在本申请的一些实施例中,所述索引值计算模块,用于根据所述主要声道信号的基音周期估计值确定所述次要声道信号的闭环基音周期整数部分loc_T0,和所述次要声道信号的闭环基音周期分数部分loc_frac_prim;通过如下方式计算出所述次要声道信号的基音周期索引值soft_reuse_index:
soft_reuse_index=(N*pitch_soft_reuse+pitch_frac_soft_reuse)﹣(N*loc_T0+loc_frac_prim)+soft_reuse_index_high_limit/M;
其中,所述pitch_soft_reuse表示所述次要声道信号的基音周期估计值的整数部分,所述pitch_frac_soft_reuse表示所述次要声道信号的基音周期估计值的分数部分,所述soft_reuse_index_high_limit表示所述次要声道信号的基音周期索引值上限,所述N表示所述次要声道信号被划分的子帧个数,所述M表示所述次要声道信号的基音周期索引值上限的调整因子,M为非零的实数,所述*表示相乘运算符,所述+表示相加运算符,所述﹣表示相减运算符。
在本申请的一些实施例中,所述立体声编码装置应用于所述当前帧的编码速率低于预设的速率阈值的立体声编码场景;
所述速率阈值为如下取值中的至少一种:13.2千比特每秒kbps、16.4kbps、或24.4kbps。
请参阅图11所示,本申请实施例提供的一种立体声解码装置1100,可以包括:确定模块1101、值获取模块1102、差分解码模块1103,其中,
确定模块1101,用于根据接收到的立体声编码码流确定是否对次要声道信号的基音周期进行差分解码;
值获取模块1102,用于当确定对所述次要声道信号的基音周期进行差分解码时,从所述立体声编码码流中获取当前帧的主要声道信号的基音周期估计值和所述当前帧的次要声道信号的基音周期索引值;
差分解码模块1103,用于根据所述主要声道信号的基音周期估计值和所述次要声道信号的基音周期索引值,对所述次要声道信号的基音周期进行差分解码,以得到所述次要声道信号的基音周期估计值,所述次要声道信号的基音周期估计值用于对所述立体声编码码 流进行解码。
在本申请的一些实施例中,所述确定模块,用于从所述当前帧中获取次要声道基音周期差分编码标识;当所述次要声道基音周期差分编码标识为预设的第一值时,确定对所述次要声道信号的基音周期进行差分解码。

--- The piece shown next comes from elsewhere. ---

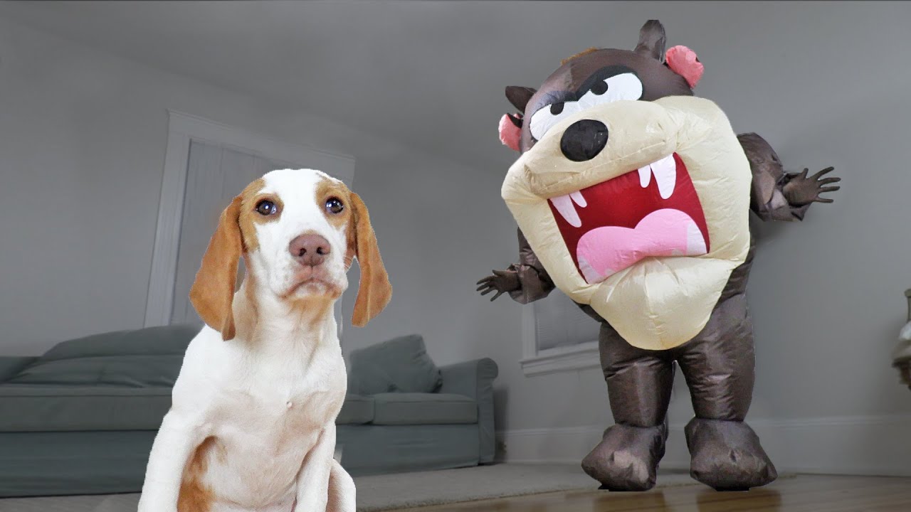 Watch Cute Puppy Indie Get Pranked by a Giant Tasmanian Devil from Looney Tunes with Help from Funny Dogs Maymo, Penny, & Potpie! Sweet little Indie is chewing on a bone with cute dog Potpie when the puppies hear a noise coming from the closet. Curious puppy Indie goes to the closet to find out what’s making all that noise, and she is surprised when a giant Tasmanian Devil jumps out and begins to chase her! At first the cute puppy scared of the ridiculously large inflatable cartoon character, but she quickly catches on that this is but one in a series of pranks, and soon enough her puppy dog pals Maymo, Penny & Potpie join in on the puppy playtime! These cute animals will make your day! One of the cutest puppy videos you’ll ever see! Cuteness level 10/10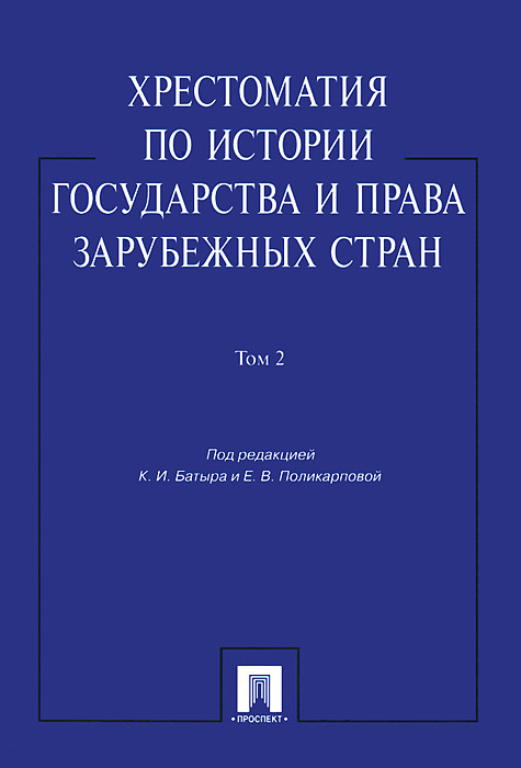 | Полное название книги | Поликарпова Е., ред, Батыр К.И. Хрестоматия по истории государства и права зарубежных стран. В 2 томах. Том 2 |

在本申请的一些实施例中,所述立体声解码装置,还包括:独立解码模块,其中,
独立解码模块,用于当确定不对所述次要声道信号的基音周期进行差分解码、且不复用所述主要声道信号的基音周期估计值作为所述次要声道信号的基音周期时,从所述立体声编码码流中解码所述次要声道信号的基音周期。
进一步的,独立解码模块,用于当所述次要声道基音周期差分编码标识为预设的第二值、且所述立体声编码码流中携带的次要声道信号基音周期复用标识为预设的第三值时,确定不对所述次要声道信号的基音周期进行差分解码、且不复用所述主要声道信号的基音周期估计值作为所述次要声道信号的基音周期,从所述立体声编码码流中解码所述次要声道信号的基音周期。

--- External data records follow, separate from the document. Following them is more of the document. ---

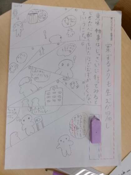 4年生がオリジナルのことわざ(故事成語)カードを作っていました。絵や漫画があると、とても分かりやすいし楽しいですね。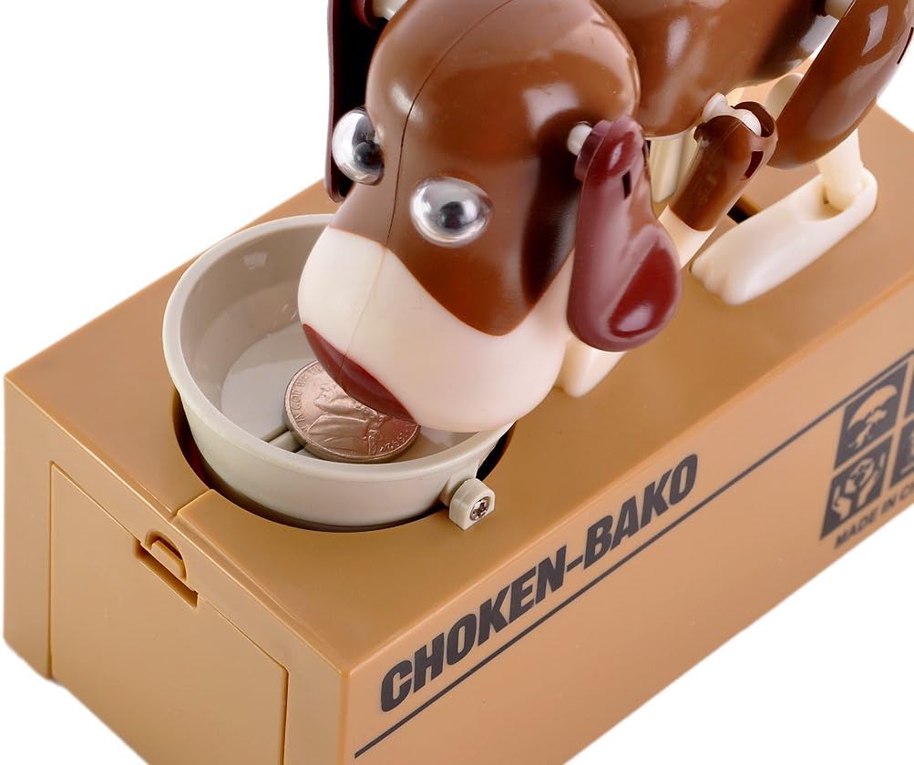 Un salvadanaio divertente per i bambini per risparmiare denaro (TUTTO QUALITÀ TESTATA) Aiuta i bambini a sviluppare una buona abitudine di risparmiare denaro Questo cane robot mangerà felicemente i tuoi soldi di riserva e risparmierà denaro per te Alimentato da 2 batterie AA (batterie NON incluse); Dimensioni (cm): 16 (L) x 8 (L) x 16 (A)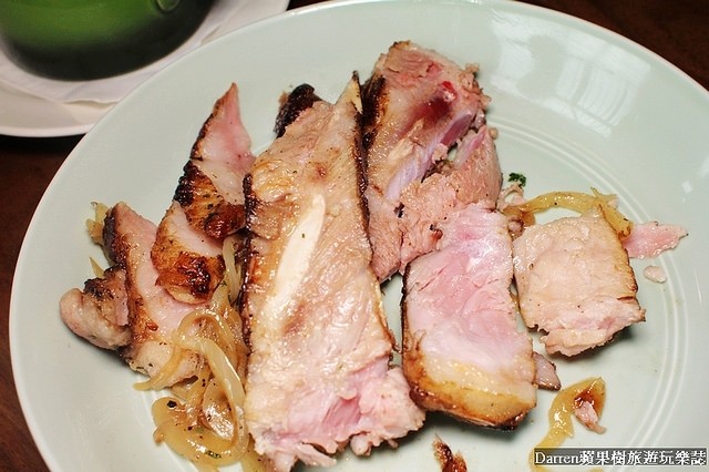 帶有點粉紅色澤的熟度最能吃到究好豬的品質,究好豬的口感柔嫩不會乾柴,不論是口感以及風味完全可以PK牛排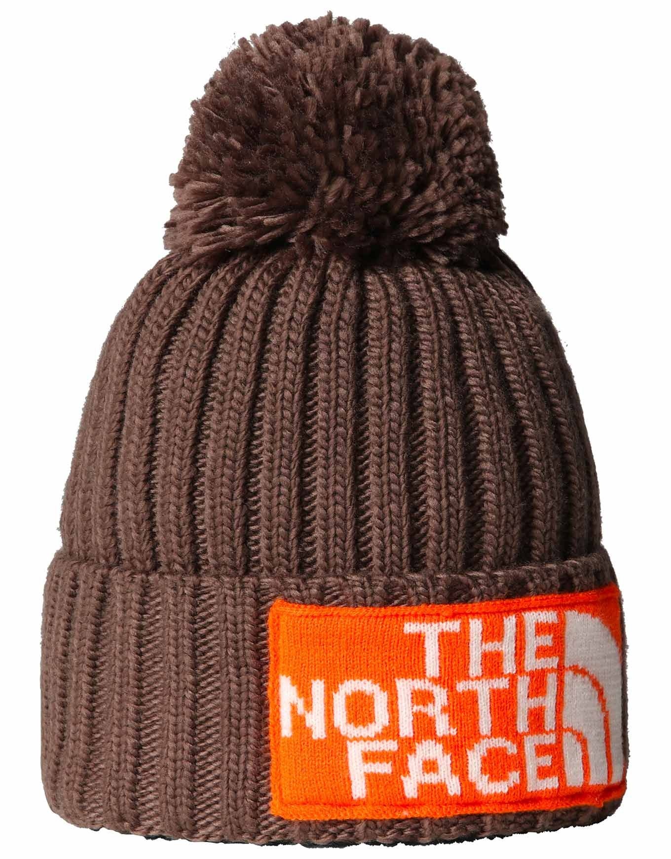 Le bonnet Heritage Ski Tuke Smokey Brown TNF Orange de The North Face allie chaleur et style grâce à son tricot à côtes exagérées en polyester 100 % recyclé, sa coupe profonde enveloppante et son pompon amovible.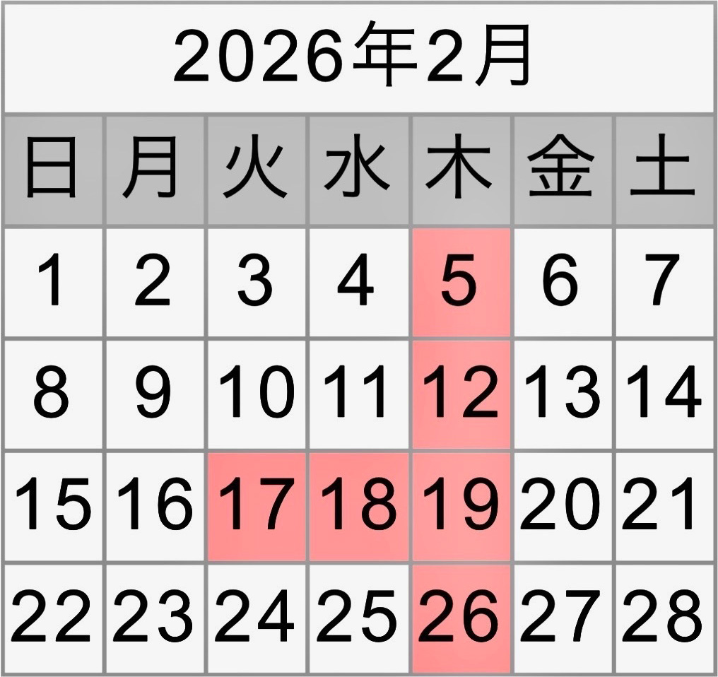 2月5日(木)、2月12日(木)、2月17日(火)、2月18日(水)、2月19日(木)、2月26日(木)は、店休日とさせて頂きます。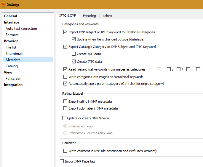 - Only 1 option ticked : "Export categories..." ( No IPTC and no XMP options)

在本申请的一些实施例中,所述立体声解码装置,还包括:基音周期复用模块,其中,
所述基音周期复用模块,用于当确定不对所述次要声道信号的基音周期进行差分解码且复用所述主要声道信号的基音周期估计值作为所述次要声道信号的基音周期时,将所述主要声道信号的基音周期估计值作为所述次要声道信号的基音周期。

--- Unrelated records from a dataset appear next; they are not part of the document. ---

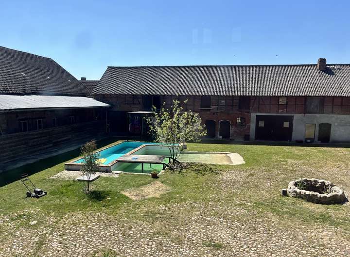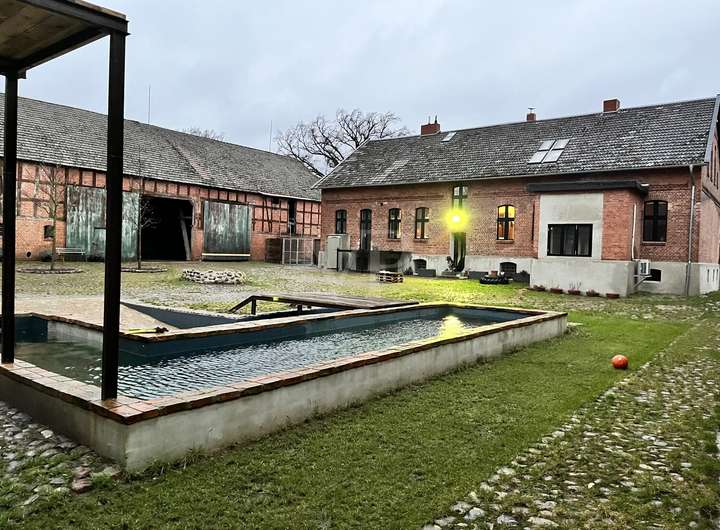 Der gesamte Innenhof hat eine Größe von ca. 1000 m² und ist mit Feldsteinen gepflastert. Hier wurde eine Ruheoase geschaffen mit zwei Pools (einer davon mit 3 m Tiefe und Sprungturm und der andere mit Rampe). Beide Pools haben getrennte Wasserkreisläufe und sind beheizbar, die Technik allerdings müsste neu installiert werden.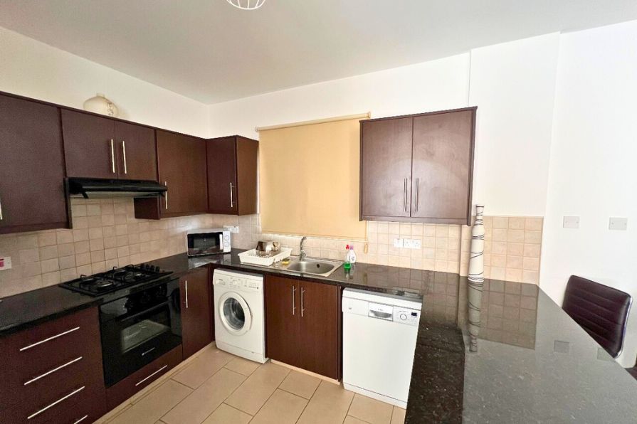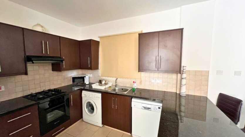 Inside, the villa is tastefully decorated and sold fully furnished, offering a turnkey solution for immediate occupancy or rental. The spacious open-plan layout includes a comfortable living area and a fully fitted kitchen complete with modern appliances and a bar-style counter, ideal for casual dining and entertaining.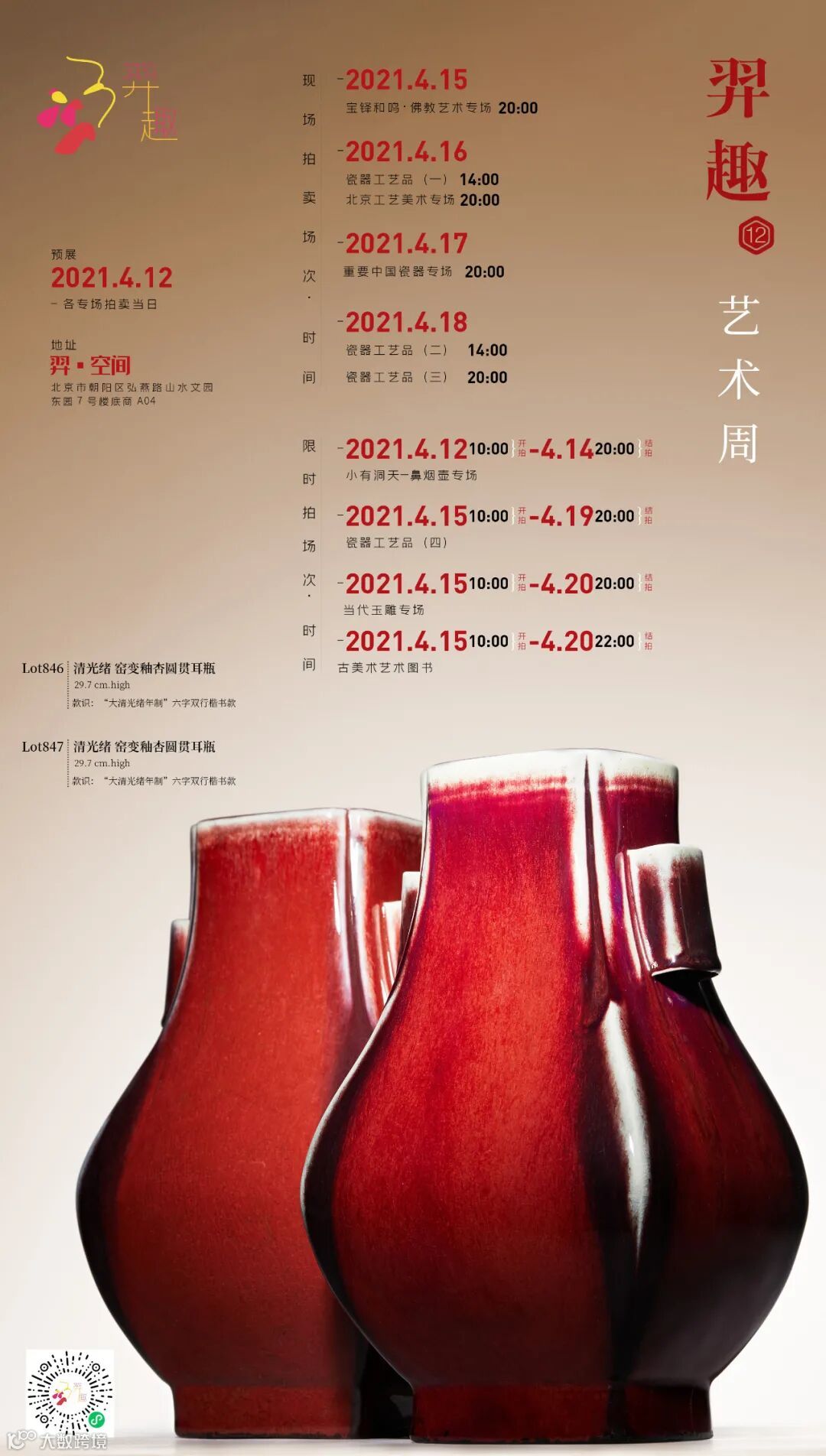本次羿趣12·艺术周将继续借助网络的力量为各位带来多元的艺术盛会,共有10个专场,其中6个同步直播拍专场,从4月15日晚8点起,每日拍卖不间断,精美佳器,优质服务,期待您多多参与。除此之外,还有4个限时拍卖,包含了瓷器、鼻烟壶、当代玉器、古美术艺术图书等门类,会在预展期间逐一开启竞价。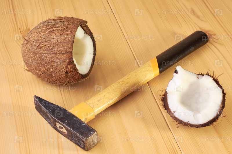Кокос на деревянном столе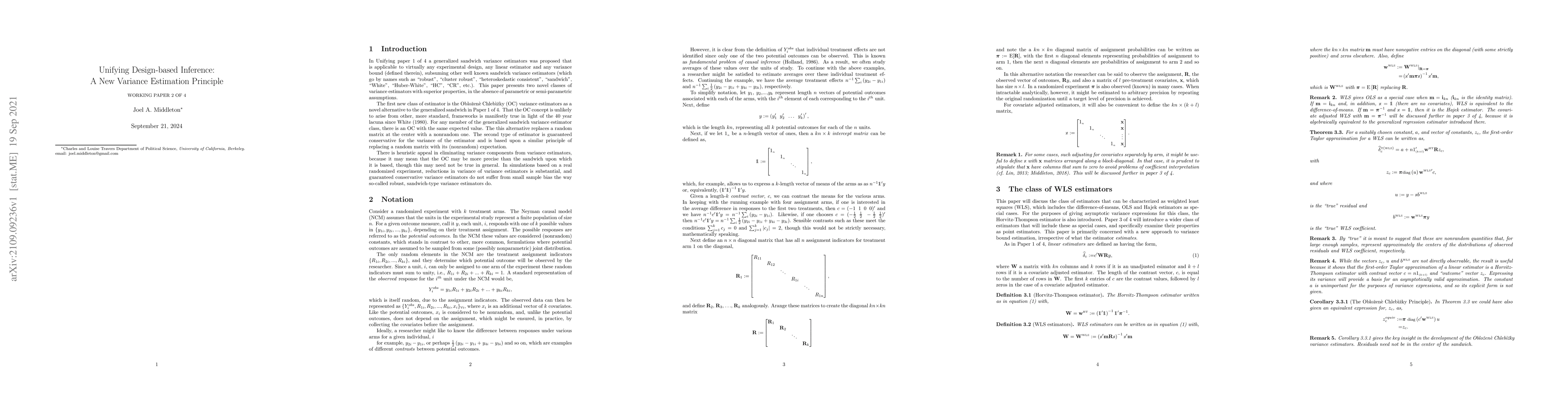 This paper presents two novel classes of variance estimators with superior properties, in the absence of parametric or semi-parametricassumptions. The first new class of estimator is the Oblozene Chlebizky (OC) variance estimators as a novel alternative to the generalized sandwich in Paper 1 of 4. That the OC concept is unlikely to arise from other, more standard, frameworks is manifestly true in light of the 40 year lacuna since White (1980). For any member of the generalized sandwich variance estimator class, there is an OC with the same expected value. The this alternative replaces a random matrix at the center with a nonrandom one. The second type of estimator is guaranteed conservative for the variance of the estimator and is based upon a similar principle of replacing a random matrix with its expectation.

进一步的,所述基音周期复用模块,用于当所述次要声道基音周期差分编码标识为预设的第二值、且所述立体声编码码流中携带的次要声道信号基音周期复用标识为预设的第四值时,确定不对所述次要声道信号的基音周期进行差分解码,将所述主要声道信号的基音周期估计值作为所述次要声道信号的基音周期。
在本申请的一些实施例中,所述差分解码模块,包括:
参考值确定子模块,用于根据所述主要声道信号的基音周期估计值和所述当前帧的次要声道信号被划分的子帧个数,确定所述次要声道信号的闭环基音周期参考值;
索引值上限确定子模块,用于根据所述次要声道信号的基音周期搜索范围调整因子确定所述次要声道信号的基音周期索引值上限;
估计值计算子模块,用于根据所述次要声道信号的闭环基音周期参考值、所述次要声道的基音周期索引值和所述次要声道信号的基音周期索引值上限计算出所述次要声道信号的基音周期估计值。
在本申请的一些实施例中,所述估计值计算子模块,用于通过如下方式计算出所述次要声道信号的基音周期估计值T0_pitch:
T0_pitch=f_pitch_prim+(soft_reuse_index-soft_reuse_index_high_limit/M)/N;
其中,所述f_pitch_prim表示所述次要声道信号的闭环基音周期参考值,所述soft_reuse_index表示所述次要声道信号的基音周期索引值,所述N表示所述次要声道信号被划分的子帧个数,所述M表示所述次要声道信号的基音周期索引值上限的调整因子,M为非零的实数,所述/表示相除运算符,所述+表示相加运算符,所述﹣表示相减运算符。
通过前述实施例的举例说明,本申请实施例中由于使用了主要声道信号的基音周期估计值对次要声道信号的基音周期进行差分编码,可以使用少量比特资源分配给次要声道信 号的基音周期进行差分编码,通过对次要声道信号的基音周期进行差分编码,可以提高立体声信号的空间感和声像稳定性。另外,本申请实施例中采用较小的比特资源进行了次要声道信号的基音周期的差分编码,因此可以将节省的比特资源用于立体声的其他编码参数,进而提升了次要声道的编码效率,最终提升了整体的立体声编码质量。另外,本申请实施例中在可以对次要声道信号的基音周期进行差分解码时,可以使用主要声道信号的基音周期估计值和次要声道信号的基音周期索引值对次要声道信号的基音周期进行差分解码,因此得到次要声道信号的基音周期估计值,使用该次要声道信号的基音周期估计值可以对立体声编码码流进行解码,因此可以提高立体声信号的空间感和声像稳定性。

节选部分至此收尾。